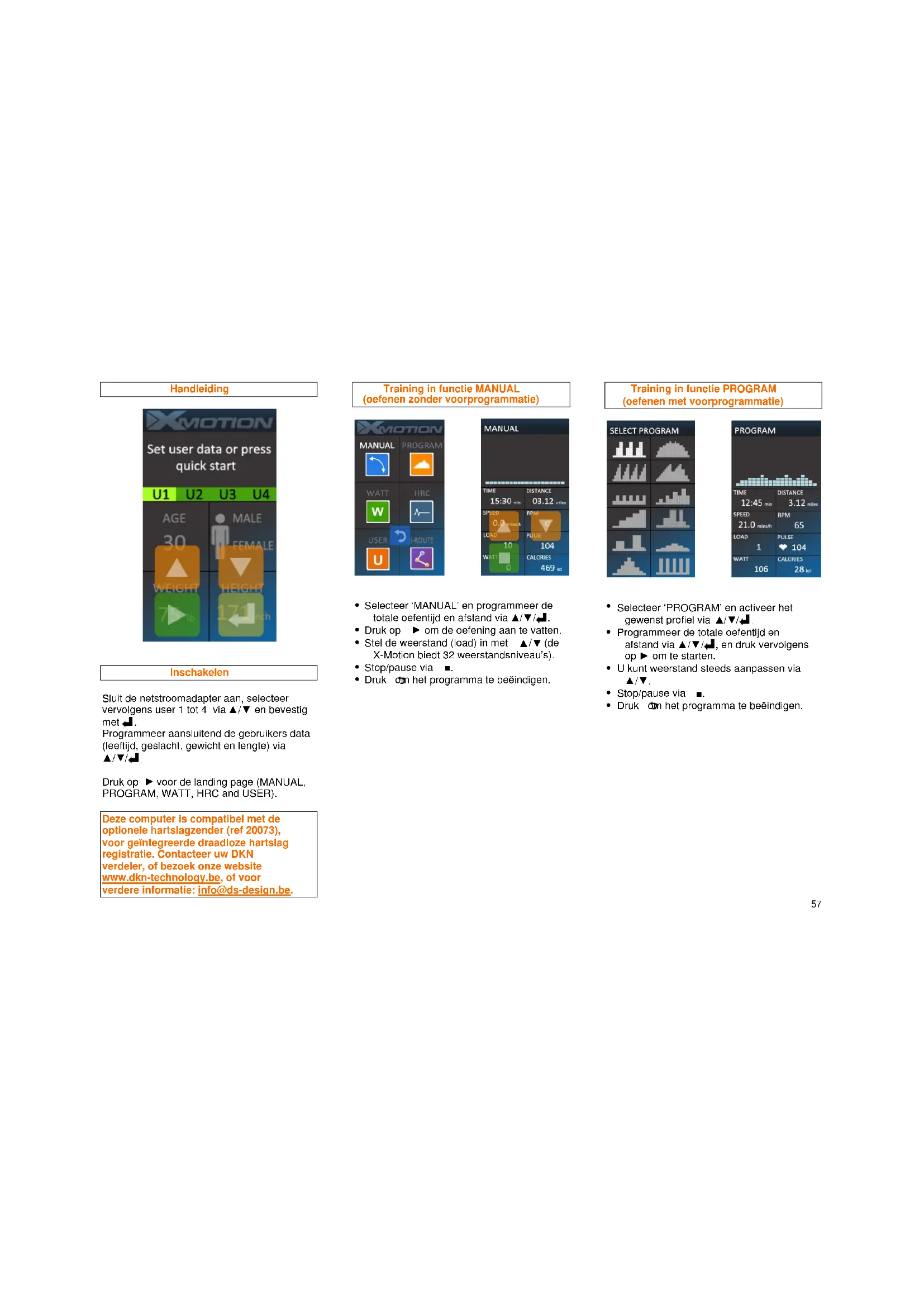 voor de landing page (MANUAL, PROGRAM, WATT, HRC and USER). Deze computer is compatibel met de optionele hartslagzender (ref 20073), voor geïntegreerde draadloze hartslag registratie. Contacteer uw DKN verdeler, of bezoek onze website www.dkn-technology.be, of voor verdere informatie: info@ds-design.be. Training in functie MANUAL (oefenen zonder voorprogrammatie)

==

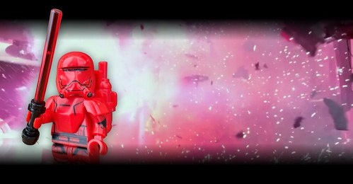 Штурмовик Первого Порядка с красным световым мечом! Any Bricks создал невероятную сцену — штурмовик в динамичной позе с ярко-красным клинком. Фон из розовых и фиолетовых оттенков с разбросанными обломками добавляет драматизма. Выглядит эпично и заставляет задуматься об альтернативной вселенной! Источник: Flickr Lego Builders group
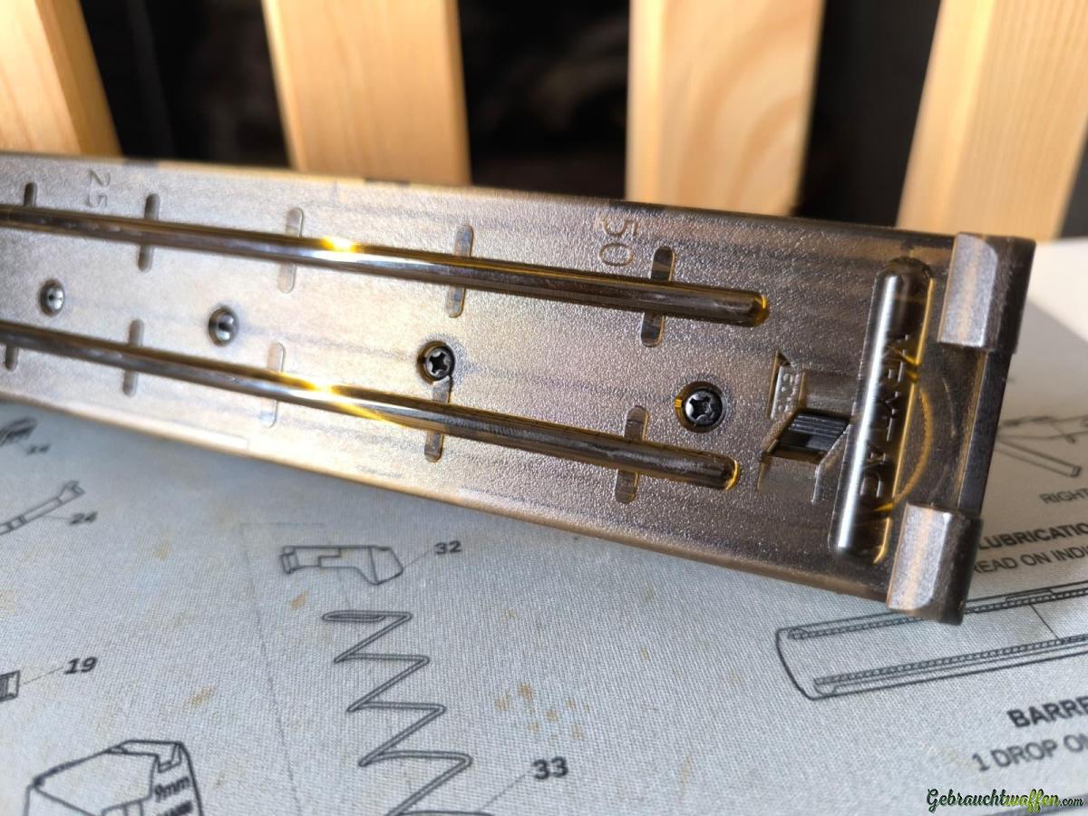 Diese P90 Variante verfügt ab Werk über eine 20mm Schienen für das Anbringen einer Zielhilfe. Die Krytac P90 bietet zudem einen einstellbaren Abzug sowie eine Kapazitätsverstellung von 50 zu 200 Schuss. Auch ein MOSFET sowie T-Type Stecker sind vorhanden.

Exercise prompt:
With the pictures left out, write out exactly the lines above from the one containing "Штурмовик Первого Порядка" through the one containing "Diese P90 Variante".

Exercise answer:
 Штурмовик Первого Порядка с красным световым мечом! Any Bricks создал невероятную сцену — штурмовик в динамичной позе с ярко-красным клинком. Фон из розовых и фиолетовых оттенков с разбросанными обломками добавляет драматизма. Выглядит эпично и заставляет задуматься об альтернативной вселенной! Источник: Flickr Lego Builders group
 Diese P90 Variante verfügt ab Werk über eine 20mm Schienen für das Anbringen einer Zielhilfe. Die Krytac P90 bietet zudem einen einstellbaren Abzug sowie eine Kapazitätsverstellung von 50 zu 200 Schuss. Auch ein MOSFET sowie T-Type Stecker sind vorhanden.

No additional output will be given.